ALLPATHS: de novo assembly of whole-genome shotgun microreads. Gene- boosted assembly of a novel bacterial genome from very short reads. We provide an initial, theoretical solution to the challenge of de novo assembly from whole-genome shotgun “microreads.” For 11 genomes of sizes up to 39 Mb, . An international, peer-reviewed genome sciences journal featuring outstanding original research that offers novel insights into the biology of all organisms.
|Published (Last):||3 July 2008|
|PDF File Size:||14.10 Mb|
|ePub File Size:||17.78 Mb|
|Price:||Free* [*Free Regsitration Required]|
New DNA sequencing technologies deliver data at dramatically lower costs but demand new analytical methods to take full advantage of the very short reads that they produce.
The bacterial genomes of Campylobacter jejuni and Escherichia coli assemble optimally, yielding single perfect contigs, and larger genomes yield assemblies that are highly connected and accurate.
Assemblies are presented in a graph form that retains intrinsic ambiguities such as those arising from polymorphism, thereby providing information that has been absent allpatys previous genome assemblies. Larger genomes produce more complicated graphs, but the vast majority of the bases in their assemblies are present in long reas that are nearly always perfect.
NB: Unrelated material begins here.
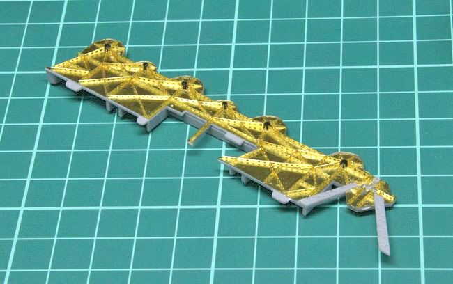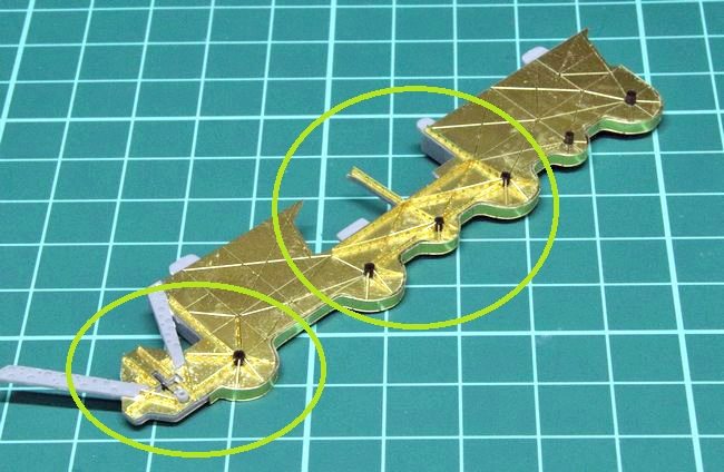 補強材は端から順番にやるのではなく、まずは中央を先に済ませ、続いて外側からと取り付けていきました。機銃座下部の黒いパーツは3Dプリントパーツで、シップヤードワークスのパーツセットに付属しているものです。

We describe a general method for genome assembly that can be applied to all types of DNA sequence data, not only short read data, but also conventional sequence reads. These yield data suitable for straightforward mapping of biological features such as transcription factor binding sites and chromatin modifications Johnson et al. A much harder problem is de novo assembly of whole-genome shotgun microreads.
In this study, we present a theoretical analysis of this problem and describe an algorithm for addressing it, which we apply to simulated data based on real Solexa reads. We present results for small- to mid-size 39 Mb genomes, describing assembly completeness, continuity, and correctness. Briefly, the paper proceeds as follows: The very large number of mostly false overlaps makes this approach intractable. We determine exactly how good an assembly of such data could possibly be.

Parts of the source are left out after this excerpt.